Sent from my SM-J510FN using Tapatalk

----------


## Tonald Drump

As a relatively new member myself, I feel obliged to welcome you. And I agree with Misster, you seem to highly prioritize Coco, so he's in good hands! I found this caresheet on Google, and I'm still using it to this very day. It is a long read, but itvll be helpful in the future, so enjoy! http://www.reptilesmagazine.com/Care...s/Ball-Python/



Sent from my vivo 1601 using Tapatalk

----------


## artgecko

Welcome to the forum!  I started out here as well... 10 years and 12 snakes later, I'd have to say I'm hooked lol. 

If the hides are too large, you can wad up paper inside them and that will help her feel more secure.

Feel free to check out all the forums and ask as many questions as you like.  I'd recommend checking out all the "stickies" at the tops of the different sub forums and also use the advanced search to see if any topics you are interested in have been discussed in the past.  This forum has been around a long time so there is a wealth of knowledge here to help you grow in the hobby.

Nice viv btw!

----------


## SDA

Welcome to the forum.
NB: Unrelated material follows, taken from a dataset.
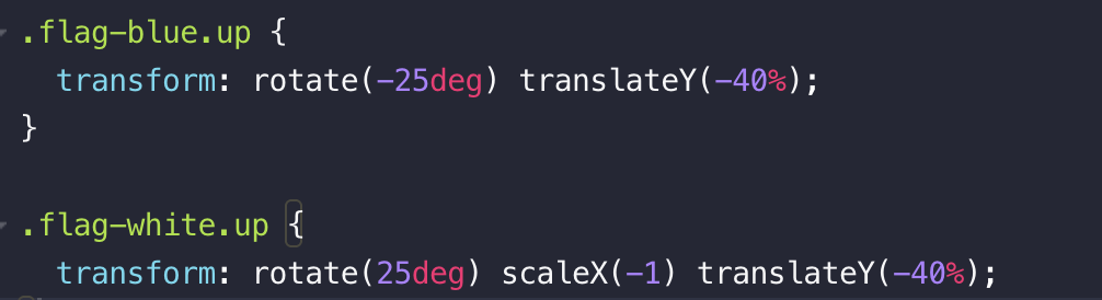 이런식으로 하면 .up 상태가 될 때 이미지가 움직이고, 아닐 때에는 다시 원래자리로 복귀하여, 마우스 클릭시마다 깃발이 움직이는 효과를 만들 수 있습니다.

You will learn so much here but don't feel overwhelmed. So long as your snake is eating and not stressed, any improvements you learn can be taken slow.

Personal tip, you could put at least the country you are in in your user profile (there is an option for location) as that helps loads with answering questions about the availability of supplies and such. For example, what is available in the states might not be in Canada. If you feel trusting enough the state (if in the USA) can help tons with husbandry like temperatures and humidity.

Please don't feel embarrassed to ask any questions, this place is the spot for answer, no matter how silly you think they are.

----------


## EL-Ziggy

Welcome and best wishes wbt. Very nice BP. What are you using as a heat source and is it controlled with a thermostat? Once your husbandry is dialed in the rest is a pretty easy.  :Smile:

----------


## wbt1208

Hi all

Thanks for the lovely welcome. Much appreciated. I will, over time, read all the various suggestions. Anything to help make sure I give Coco the best I can.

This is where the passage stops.